The End of Chapter Three

Hey folks! Been a while since I've blogged, so I thought I'd provide a little update from the Golden Land. It feels like I'm finishing up 'Chapter 3' of my time here, dating from the end of the long vacation to now, here on the 4th of July. Monday, I'm heading off to Bangkok for my semi-monthly overnight visa run, and I begin teaching some additional classes after next week, so it's a time of transitions, new beginnings.

Unfortunately, my chill period teaching 6 hours a week ended several weeks back. I knew it would. I've been assigned two new classes, so I'm up to a respectable 18 hours. Keep in mind that each teaching hour requires about half to three quarters of that time preparing, and with various other duties, I am again working full time.

My first new class was given to me after a new teacher with our company did a runner. He'd been here a week, decided Myanmar was more than he wanted to handle and bailed. Although he'd signed a one year contract, I guess that's kinda hard to enforce when you've fled to another country. Particularly at the start, this place is a really tough place to be, and maybe due to his lofty expectations or maybe just because he was a bit of a pussy, the new teacher ran away back to Dubai, Bangkok, Istanbul or wherever he'd come from (he was a long time TEFL teacher) unable or unwilling to hack it here in the wild frontier land of Yangon.

In a way, his decision highlights an aspect of my new career that I really like. With my certification and growing experience, I can go anywhere in the world and teach. I'm approaching my time here as if I expect to be here two to three years, but if something better comes up, who knows what I might do?
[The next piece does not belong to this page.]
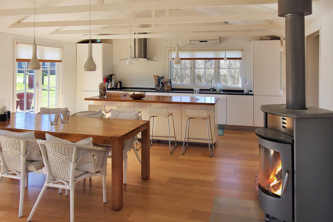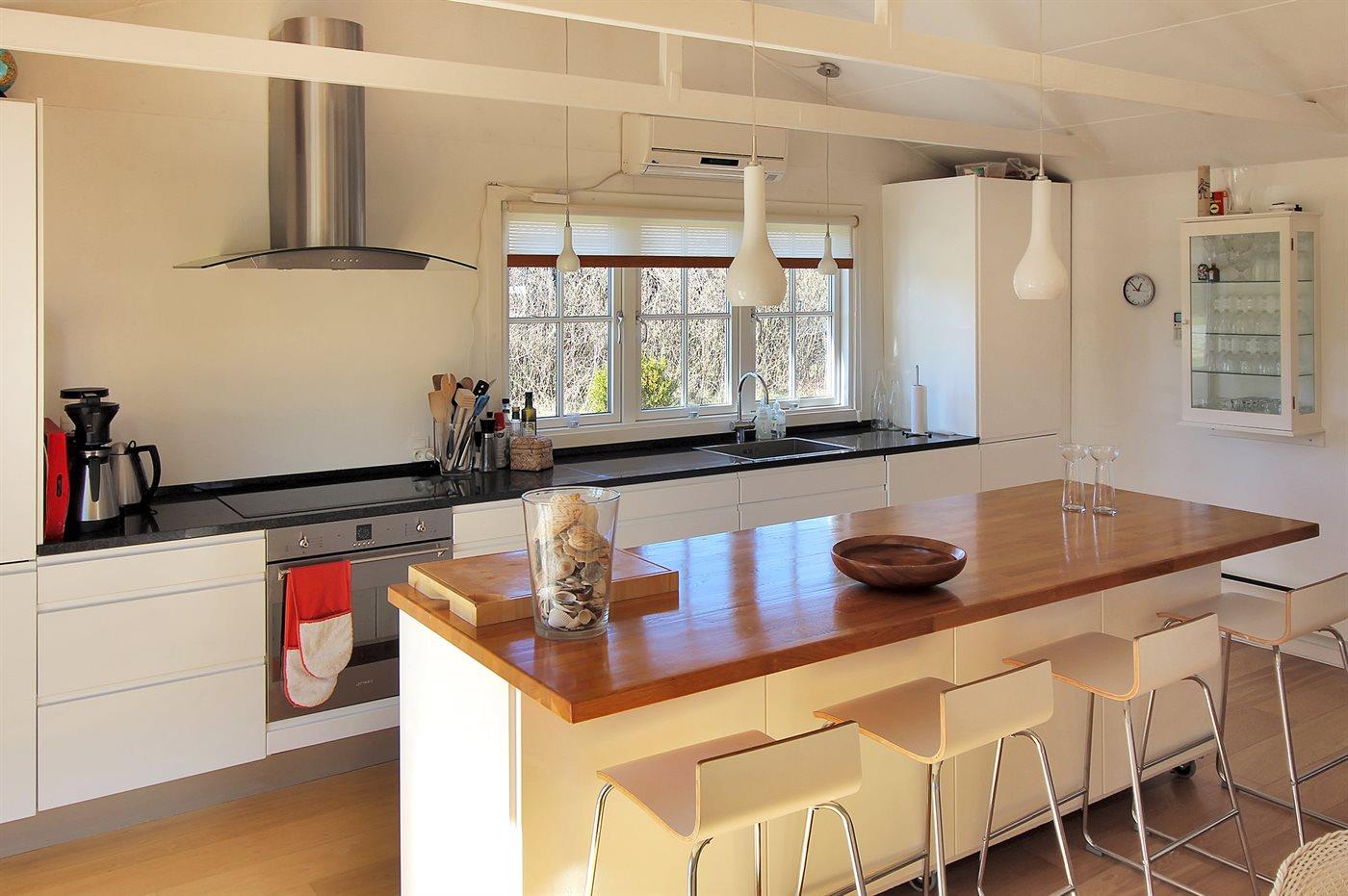 Køkkenet er udstyret med 1 køleskab. Der er 4 keramiske kogeplader, varmluftovn, mikrobølgeovn samt opvaskemaskine.

I work in probably the biggest labor market in the entire world, namely, anywhere in the world where English is a foreign language.

It's sort of a built in job security.

I've really liked my new classes too, despite their unfortunate timing. The first of these new classes was my introduction to corporate teaching. Twice a week, in the evening (after my 7 AM class in the morning), I visit the clients' office, in this case a major telecommunications firm here in Yangon. I teach them in their facilities which works out well because they're more relaxed and surrounded by colleagues they know. Their English skills aren't much, if any, better than other classes I've taught, but they are more enthusiastic and engaged in learning. Teaching a group whose into it is far more enjoyable and easy for me, the teacher.
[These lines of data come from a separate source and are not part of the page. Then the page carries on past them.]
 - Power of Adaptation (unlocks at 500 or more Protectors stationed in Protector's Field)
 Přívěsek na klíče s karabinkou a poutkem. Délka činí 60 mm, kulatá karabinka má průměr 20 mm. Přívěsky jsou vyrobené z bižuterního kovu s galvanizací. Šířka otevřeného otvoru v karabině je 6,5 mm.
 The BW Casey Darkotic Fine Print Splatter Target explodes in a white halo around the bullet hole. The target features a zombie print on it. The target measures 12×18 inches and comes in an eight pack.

My other new class, again taking over for another teacher whose been given another assignment, is an advanced business English class. Again, a whole new experience. These folks are almost fluent, and what I'm teaching is just as much a business class as it is an English class. Fortunately, the resource books are rich and detailed. I've done some time in the business world; I've worked in an office. I've held titles like 'sales manager' and 'merchant', but I'm no MBA. My depth of knowledge is limited. It's still fun. We get to play 'office' while learning English.

Outside of school, I've sorta developed a bit of routine. The rainy season does curtail my ability to get out and about a whole lot, so no new exciting adventures to report or videos to share. If you've followed my blog, you may have noticed that I've been writing less since getting the new TV. Yeah, there is that.

I can't wait for Chapter Four to begin; may it be the best yet.


  1. You sound good. I'm glad you have such a positive attitude. Actually it was probably for the best that that guy left. It seems like life is hard enough there that it would be unbearable if you were not very commited. He might have had other options.

  2. I've gotten behind on reading blogs so I'm trying to catch up with you. I think it's fantastic the way you approach any assignment you're given with such enthusiasm.